Le cardinal s'inclina.
—Et maintenant, qu'y a-t-il à faire, à votre avis? demanda le roi.
—Laissez-moi le reste de la nuit pour y penser, répliqua le cardinal, et, demain, nous en reparlerons.
—Mon cher Ruffo, dit le roi, n'oubliez pas que, si je ne vous fais pas premier ministre, c'est que je ne suis pas le maître.
—J'en suis si bien convaincu, sire, que, tout en ne l'étant pas, j'en ai la même reconnaissance à Votre Majesté que si je l'étais.
Et, saluant le roi avec son respect accoutumé, le cardinal sortit, laissant Sa Majesté pénétrée d'admiration pour lui.
LX
OÙ VANNI TOUCHE ENFIN AU BUT QU'IL
AMBITIONNAIT DEPUIS SI LONGTEMPS.
On se rappelle la recommandation qu'avait faite le roi Ferdinand dans une de ses lettres à la reine. Cette recommandation disait de ne point laisser languir en prison Nicolino Caracciolo et de presser le marquis Vanni, procureur fiscal, d'instruire le plus promptement possible son procès. Nos lecteurs ne se sont point trompés, nous l'espérons, à l'intention de la recommandation susdite, et ne lui ont rien reconnu de philanthropique.
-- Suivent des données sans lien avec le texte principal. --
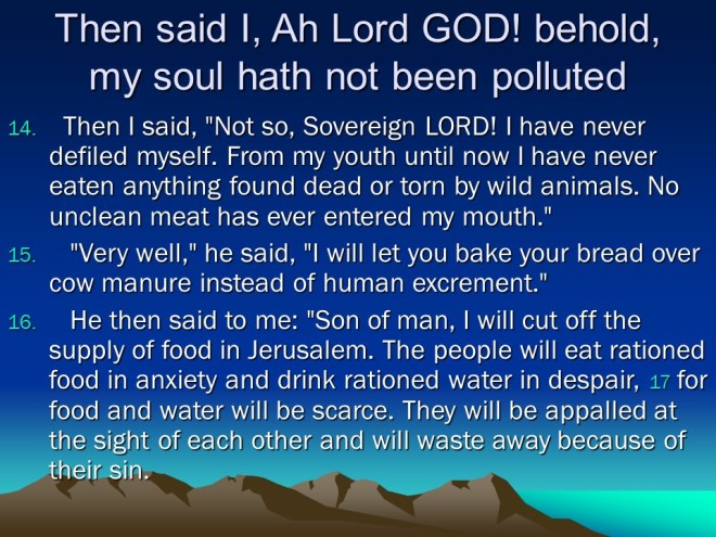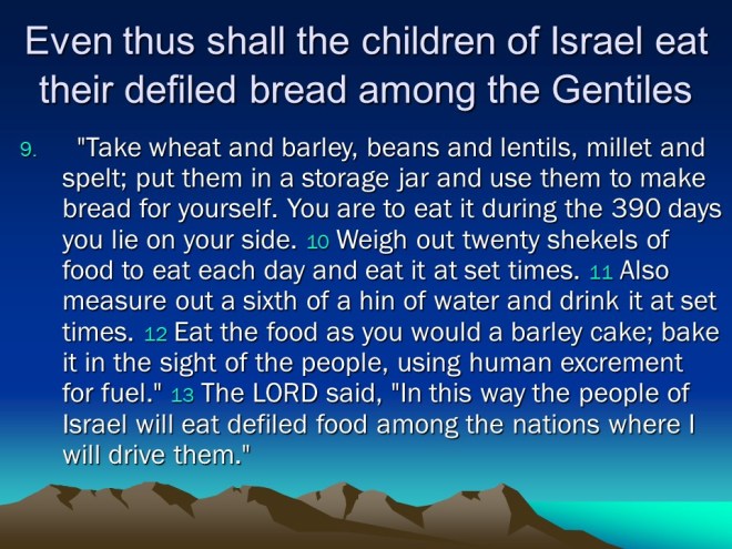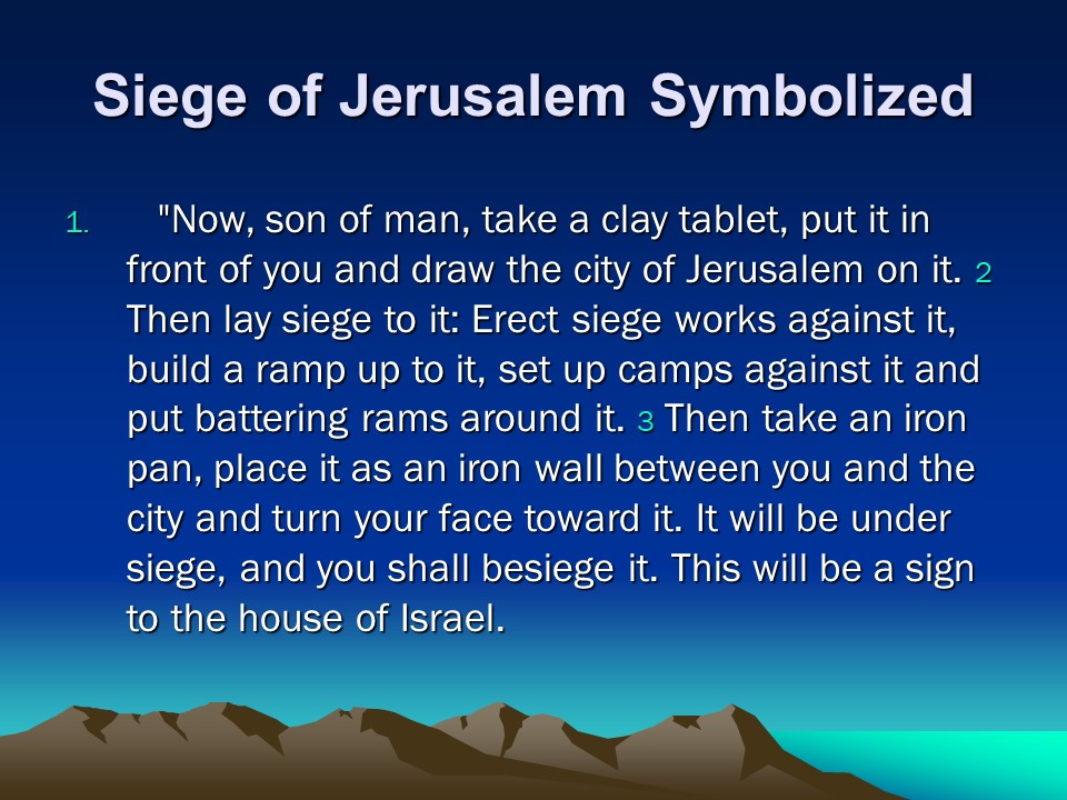 Ezekiel 4. Ezekiel was told by God to portray the siege of Jerusalem.

Non! le roi avait, comme la reine, ses motifs de haine à lui: il se rappelait que l'élégant Nicolino Caracciolo, descendu du Pausilippe pour fêter, dans le golfe de Naples, Latouche-Tréville et ses marins, avait été un des premiers à offusquer ses yeux en abandonnant la poudre, en immolant sa queue aux idées nouvelles et en laissant pousser ses favoris, et qu'il avait enfin, un des premiers toujours à marcher dans la mauvaise voie, substitué insolemment le pantalon à la culotte courte.
En outre, Nicolino, on le sait, était frère du beau duc de Rocca-Romana, qui, à tort ou à raison, avait passé pour être l'objet d'un de ces nombreux et rapides caprices de la reine, non enregistrés par l'histoire, qui dédaigne ces sortes de détails, mais constatés par la chronique scandaleuse des cours qui en vit; or, le roi ne pouvait se venger du duc de Rocca-Romana, qui n'avait pas changé un bouton à son costume, ne s'était rien coupé, ne s'était rien laissé pousser, et, par conséquent, était resté dans les plus strictes règles de l'étiquette; il n'était donc pas fâché,—un mari si débonnaire qu'il soit ayant toujours quelque rancune contre les amants de sa femme,—il n'était donc pas fâché, n'ayant point de prétexte plausible pour se venger du frère aîné, d'en rencontrer un pour se venger du frère cadet. D'ailleurs, comme titre personnel à l'antipathie du roi, Nicolino Caracciolo était entaché du péché originel d'avoir une Française pour mère, et, de plus, étant déjà à moitié Français de naissance, d'être encore tout à fait Français d'opinion.